§ **Work to be completed**
Word for word, copy out the data below, omitting pictures.

§ **Given information**

=== Begin Enclosure ===

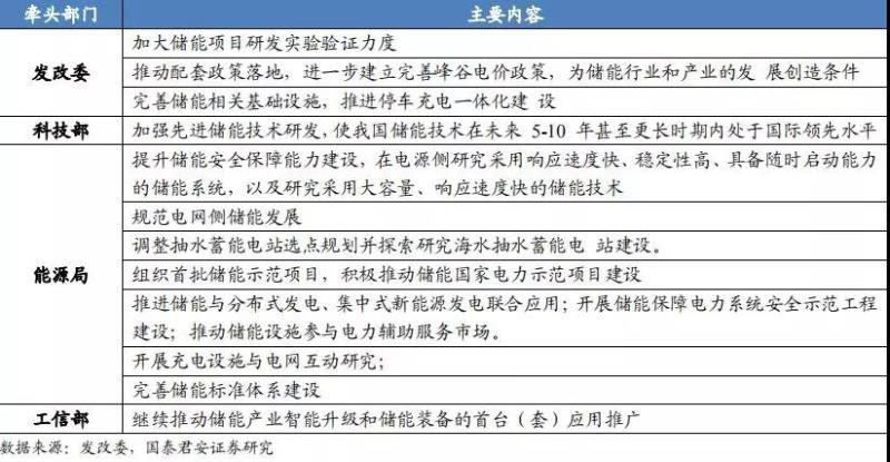 2019-2020 年行動(dòng)計(jì)劃出臺(tái),各部門(mén)各司其職保障儲(chǔ)能產(chǎn)業(yè)化應(yīng)用。2017年發(fā)改委等五部門(mén)聯(lián)合發(fā)布《關(guān)于促進(jìn)儲(chǔ)能技術(shù)與產(chǎn)業(yè)發(fā)展的指導(dǎo)意見(jiàn)》,其中明確提到在十三五期間儲(chǔ)能產(chǎn)業(yè)發(fā)展進(jìn)入商業(yè)化初期,十四五期間儲(chǔ)能儲(chǔ)能產(chǎn)業(yè)規(guī)模化發(fā)展。2019 年 7 月為進(jìn)一步的貫徹落實(shí)該項(xiàng)指導(dǎo)意見(jiàn),發(fā)改委等四部門(mén)發(fā)布 2019-2020 年行動(dòng)計(jì)劃,其中對(duì)發(fā)改委、科技部、工信部、能源局的工作任務(wù)都做了詳細(xì)部署,進(jìn)一步推進(jìn)我國(guó)儲(chǔ)能技術(shù)與產(chǎn)業(yè)健康發(fā)展。
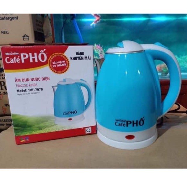 -Ấm/ Bình Đun Siêu tốc 2 Lớp Dung Tích 1.8 Lít CAFE PHỐ- Hàng quà tặng của Cafe Phố, có logo Cafe Phố in 1 mặt trên thân ấm.
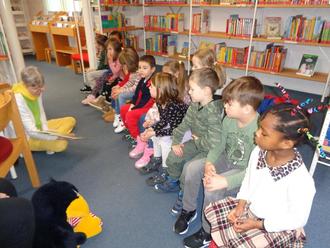 Die Dino-Kinder der Kita Purzelbaum fuhren vor kurzem nach Echzell in die Gemeindebücherei.

=== End Enclosure ===

§ **Solved problem**
 2019-2020 年行動(dòng)計(jì)劃出臺(tái),各部門(mén)各司其職保障儲(chǔ)能產(chǎn)業(yè)化應(yīng)用。2017年發(fā)改委等五部門(mén)聯(lián)合發(fā)布《關(guān)于促進(jìn)儲(chǔ)能技術(shù)與產(chǎn)業(yè)發(fā)展的指導(dǎo)意見(jiàn)》,其中明確提到在十三五期間儲(chǔ)能產(chǎn)業(yè)發(fā)展進(jìn)入商業(yè)化初期,十四五期間儲(chǔ)能儲(chǔ)能產(chǎn)業(yè)規(guī)模化發(fā)展。2019 年 7 月為進(jìn)一步的貫徹落實(shí)該項(xiàng)指導(dǎo)意見(jiàn),發(fā)改委等四部門(mén)發(fā)布 2019-2020 年行動(dòng)計(jì)劃,其中對(duì)發(fā)改委、科技部、工信部、能源局的工作任務(wù)都做了詳細(xì)部署,進(jìn)一步推進(jìn)我國(guó)儲(chǔ)能技術(shù)與產(chǎn)業(yè)健康發(fā)展。
 -Ấm/ Bình Đun Siêu tốc 2 Lớp Dung Tích 1.8 Lít CAFE PHỐ- Hàng quà tặng của Cafe Phố, có logo Cafe Phố in 1 mặt trên thân ấm.
 Die Dino-Kinder der Kita Purzelbaum fuhren vor kurzem nach Echzell in die Gemeindebücherei.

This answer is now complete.